▶ Problem:
Print the records below exactly, from the line containing "A Hard Night" down to the line containing "Panneau de commande", both lines included, and omit every picture.

[Provided information Boundary: Start]

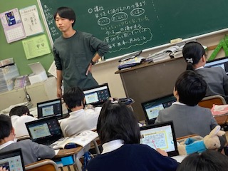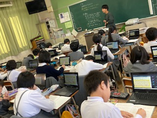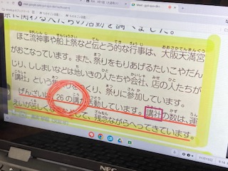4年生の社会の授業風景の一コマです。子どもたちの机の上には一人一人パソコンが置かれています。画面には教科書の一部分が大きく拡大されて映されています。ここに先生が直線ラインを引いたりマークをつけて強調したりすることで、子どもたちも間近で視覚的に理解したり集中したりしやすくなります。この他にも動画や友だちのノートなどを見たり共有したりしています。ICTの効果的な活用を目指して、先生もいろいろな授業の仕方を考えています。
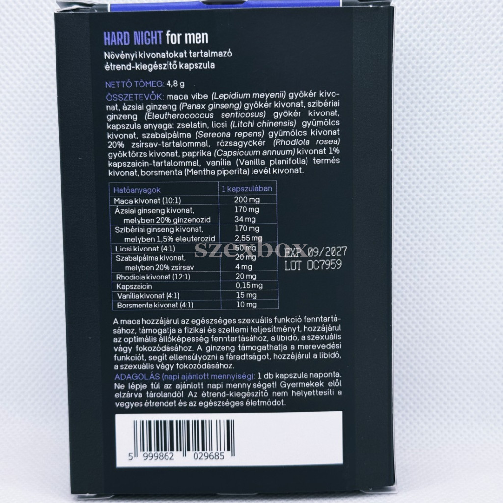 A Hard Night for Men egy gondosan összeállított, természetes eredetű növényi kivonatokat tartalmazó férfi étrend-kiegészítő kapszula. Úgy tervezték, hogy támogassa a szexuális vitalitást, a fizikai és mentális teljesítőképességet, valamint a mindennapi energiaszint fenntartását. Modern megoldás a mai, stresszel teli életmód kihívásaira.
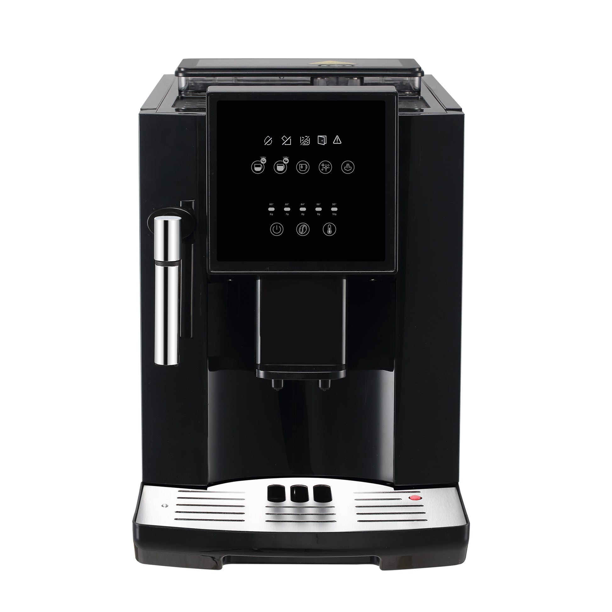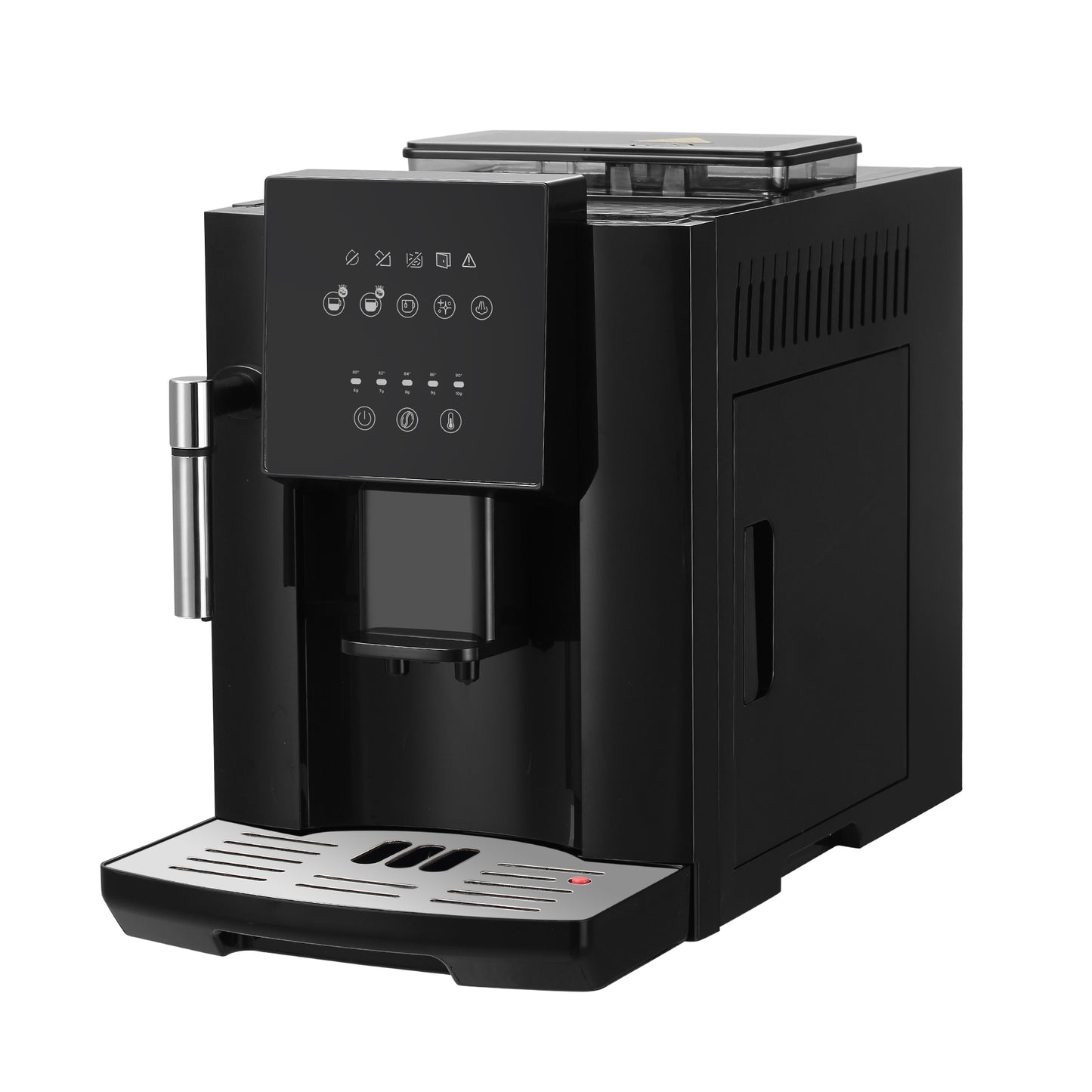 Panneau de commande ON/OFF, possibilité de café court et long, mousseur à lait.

[Provided information Boundary: End]
[Provided information Boundary: Start]

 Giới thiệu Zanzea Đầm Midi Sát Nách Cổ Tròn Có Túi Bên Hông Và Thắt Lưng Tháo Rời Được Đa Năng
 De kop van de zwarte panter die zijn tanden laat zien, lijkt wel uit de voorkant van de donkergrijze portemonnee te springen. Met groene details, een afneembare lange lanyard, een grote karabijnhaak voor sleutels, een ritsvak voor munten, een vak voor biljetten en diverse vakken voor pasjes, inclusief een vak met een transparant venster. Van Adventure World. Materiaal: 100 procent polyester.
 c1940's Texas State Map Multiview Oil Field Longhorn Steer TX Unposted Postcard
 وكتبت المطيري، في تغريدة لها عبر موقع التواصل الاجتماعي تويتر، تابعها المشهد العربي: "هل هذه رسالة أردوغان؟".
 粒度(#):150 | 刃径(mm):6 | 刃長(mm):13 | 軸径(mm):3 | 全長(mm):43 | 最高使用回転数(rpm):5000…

[Provided information Boundary: End]

▶ The completed task:
 A Hard Night for Men egy gondosan összeállított, természetes eredetű növényi kivonatokat tartalmazó férfi étrend-kiegészítő kapszula. Úgy tervezték, hogy támogassa a szexuális vitalitást, a fizikai és mentális teljesítőképességet, valamint a mindennapi energiaszint fenntartását. Modern megoldás a mai, stresszel teli életmód kihívásaira.
 Panneau de commande ON/OFF, possibilité de café court et long, mousseur à lait.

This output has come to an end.